Data records: Begin

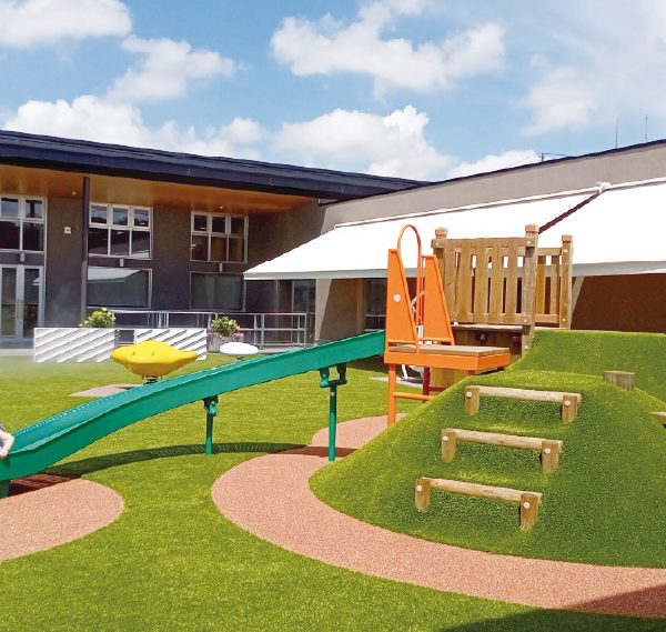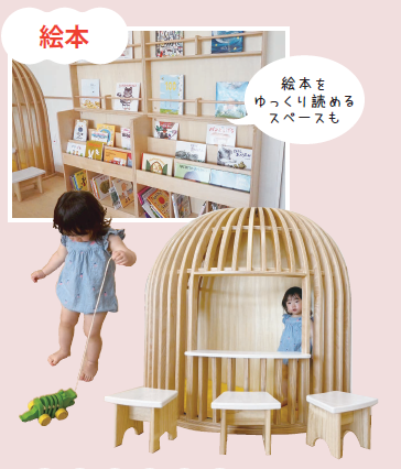 乳幼児と就学児とが安心して遊べるように緩やかに分けられた遊び場。乳幼児用のおもちゃに加え、所々に楽しい仕掛けが。窓からの眺めも良く、自然を感じながらゆったりとした気持ちで過ごせる。
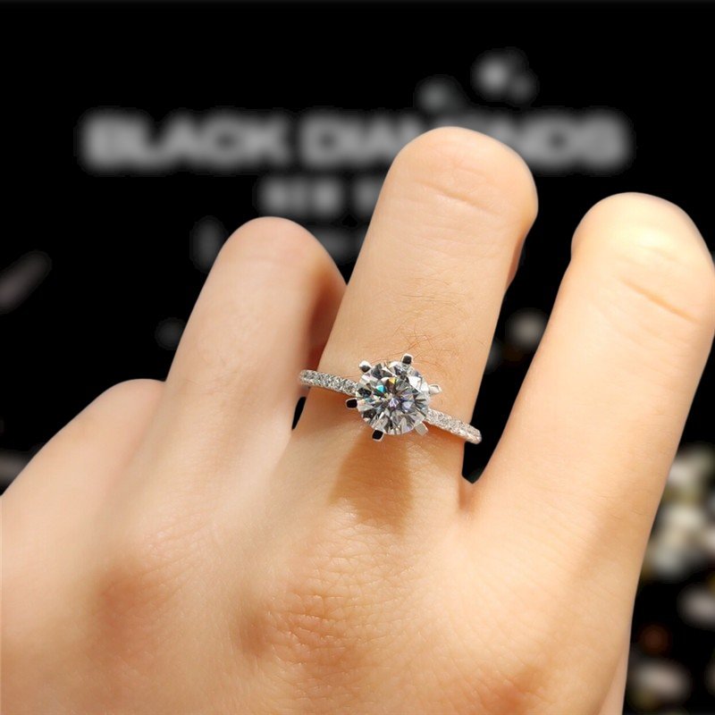If you’re looking for something special, look no further than this beautiful 18k White Gold Round Cut 1ct Certified Moissanite Engagement Ring by Black Diamonds New York. Crafted from white gold, the ring is set with a stunning round cut moissanite stone, complemented by additional stones along the band. This stylish, high quality piece won’t break the bank, making it the perfect choice for any occasion.
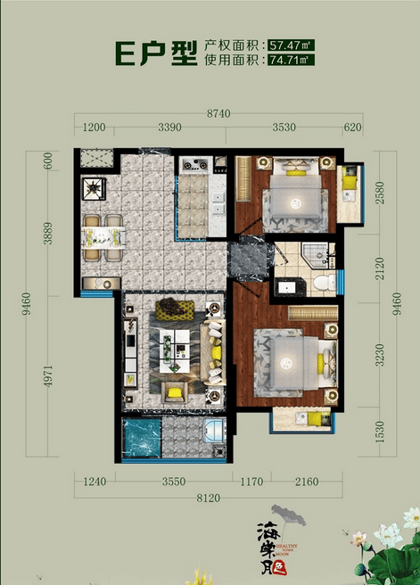 E户型建面约57㎡,两房两厅一卫
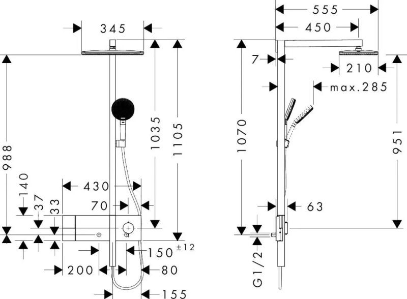 Душевая система hansgrohe Raindance Alive Q 210/340 1jet состоит из:
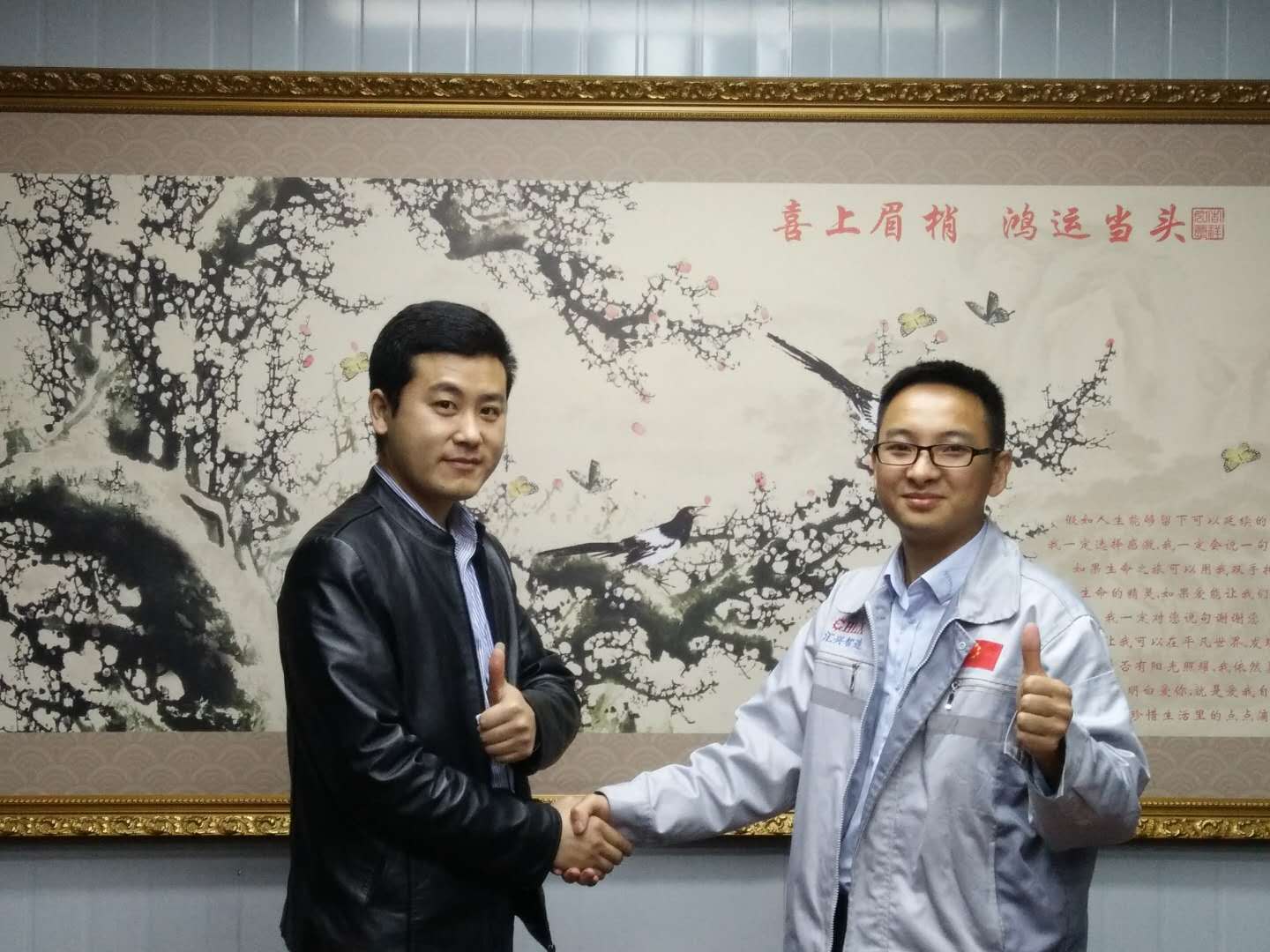 企業(yè)文化大使小敏正在為客人介紹匯利興文化 在此,客服部小敏(企業(yè)文化大使)為來訪的客人們相繼介紹了我司的企業(yè)文化,并帶領(lǐng)客人參觀了匯利興廠容廠貌,詳細(xì)介紹了匯利興的發(fā)展史及企業(yè)文化(三道:人道、孝道、商道,企業(yè)精神:用情做人、用心做事),并帶領(lǐng)客人初步了解了工業(yè)鋁型材、滾筒、精益管、工裝板、精密工業(yè)配件等材料的認(rèn)識,同時介紹了我司企業(yè)愿景:誓力打造中國自動化配件第一品牌,更好的滿足客戶個性化定制和柔性化生產(chǎn);此后對于匯利興濃厚的企業(yè)文化及厚重的企業(yè)實(shí)力,一致獲得了客人們高度的贊許及認(rèn)可并表示與匯利興合作十分放心。 客人與匯利興家人合影圖 客人為“喜上眉梢、鴻運(yùn)當(dāng)頭”錦上添花圖景 “相識滿天下,知心在匯興”,來訪客人受邀相繼在“喜上眉梢 鴻運(yùn)當(dāng)頭”留下深刻的印記,為此錦上添花?!坝36娭?,故源源而來”,相聚匯利興,故交友于匯利興同友人一起共發(fā)展共進(jìn)步。

Data records: End

__Task requirements__
A faithful copy of all the data above is required, printed exactly and with no pictures.

__Result of this task__
 乳幼児と就学児とが安心して遊べるように緩やかに分けられた遊び場。乳幼児用のおもちゃに加え、所々に楽しい仕掛けが。窓からの眺めも良く、自然を感じながらゆったりとした気持ちで過ごせる。
If you’re looking for something special, look no further than this beautiful 18k White Gold Round Cut 1ct Certified Moissanite Engagement Ring by Black Diamonds New York. Crafted from white gold, the ring is set with a stunning round cut moissanite stone, complemented by additional stones along the band. This stylish, high quality piece won’t break the bank, making it the perfect choice for any occasion.
 E户型建面约57㎡,两房两厅一卫
 Душевая система hansgrohe Raindance Alive Q 210/340 1jet состоит из:
 企業(yè)文化大使小敏正在為客人介紹匯利興文化 在此,客服部小敏(企業(yè)文化大使)為來訪的客人們相繼介紹了我司的企業(yè)文化,并帶領(lǐng)客人參觀了匯利興廠容廠貌,詳細(xì)介紹了匯利興的發(fā)展史及企業(yè)文化(三道:人道、孝道、商道,企業(yè)精神:用情做人、用心做事),并帶領(lǐng)客人初步了解了工業(yè)鋁型材、滾筒、精益管、工裝板、精密工業(yè)配件等材料的認(rèn)識,同時介紹了我司企業(yè)愿景:誓力打造中國自動化配件第一品牌,更好的滿足客戶個性化定制和柔性化生產(chǎn);此后對于匯利興濃厚的企業(yè)文化及厚重的企業(yè)實(shí)力,一致獲得了客人們高度的贊許及認(rèn)可并表示與匯利興合作十分放心。 客人與匯利興家人合影圖 客人為“喜上眉梢、鴻運(yùn)當(dāng)頭”錦上添花圖景 “相識滿天下,知心在匯興”,來訪客人受邀相繼在“喜上眉梢 鴻運(yùn)當(dāng)頭”留下深刻的印記,為此錦上添花?!坝36娭?,故源源而來”,相聚匯利興,故交友于匯利興同友人一起共發(fā)展共進(jìn)步。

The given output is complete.